OR: When is a YA novel just a YA novel?
When D13BC met to discuss Timepiece, I had forgotten all the things I loved about the book (which I included on my goodreads review). In my defense, I had been sucked into other books earlier that week, and didn't make time to re-read Timepiece. Not unlike a student who shows up to class without having done the reading, I grasped at the things I did remember, and went into critique mode.
My first issue
I think Kaleb & Emerson's voices are too similar. It was almost impossible to tell the difference between them as narrators, which is problematic for me as an ADHD reader; I prefer not having to backtrack to figure out who said what. Too distracting. Maybe I’m a writing snob, but I think characters should have unique voices—literally unique.
My bigger issue
Granted, I may have been feeling the aftereffects of my own pontification, but I left our book club discussion feeling vaguely unsatisfied. On the drive home, I realized that the problem I experienced with Timepiece was one of world-building (or the lack thereof). When a novel is set in a world that resembles the readers’, s/he doesn’t have to do much world-building, because the readers already know what they need to know in order to sink into the story. On the other hand, when an author invites readers to a world that differs dramatically from our own, s/he has a responsibility to orient us to the time and space in which the novel takes place.

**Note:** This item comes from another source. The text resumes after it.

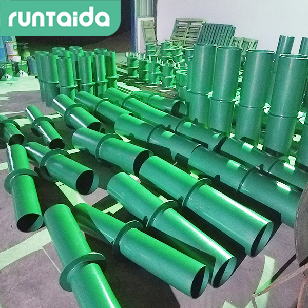 2、翼環及鋼套管加工完成后,在其外壁均刷底漆一遍(底漆包括樟丹或冷底子油)。
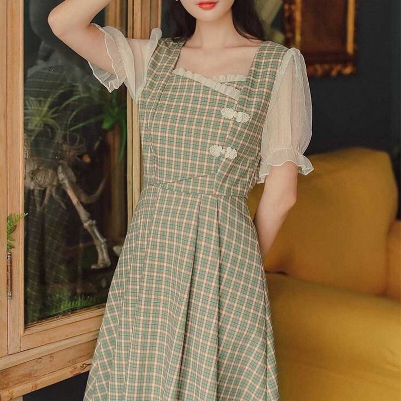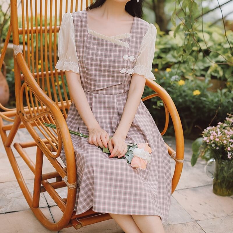 チャイナボタン チェック柄ワンピース【2色】 on868

Timepiece is set in the contemporary US—which I don’t need explained—but includes science-time travel-factoids which remain under-developed and/or unexplained. I know at least one reader with a strong science background who did not struggle to figure out the ins-and-outs of time travel as depicted in Timepiece. I am not that (kind of) reader. I am the kind of reader who skips parts of novels that make me squint in confusion. Unfortunately, I squinted at, and then skipped, whole chunks of Timepiece.
Don't get me wrong: I love reading books about things I don’t already know. I just need some scaffolding along the way. For example, I recently discovered the genre of urban fantasy, and am in love. What I like most about UF is when authors successfully integrate magical / paranormal elements, characters, and/or events into worlds I recognize (e.g. the London of Midnight Riot or the New York depicted in Hard Magic--neither of which is a YA book). I am perfectly content to suspend disbelief as long as the author provides enough details to render the paranormal plausible. Without sufficient world-building, Timepiece is a novel about young love masquerading as something else, which left me longing for less paranormal and more romance.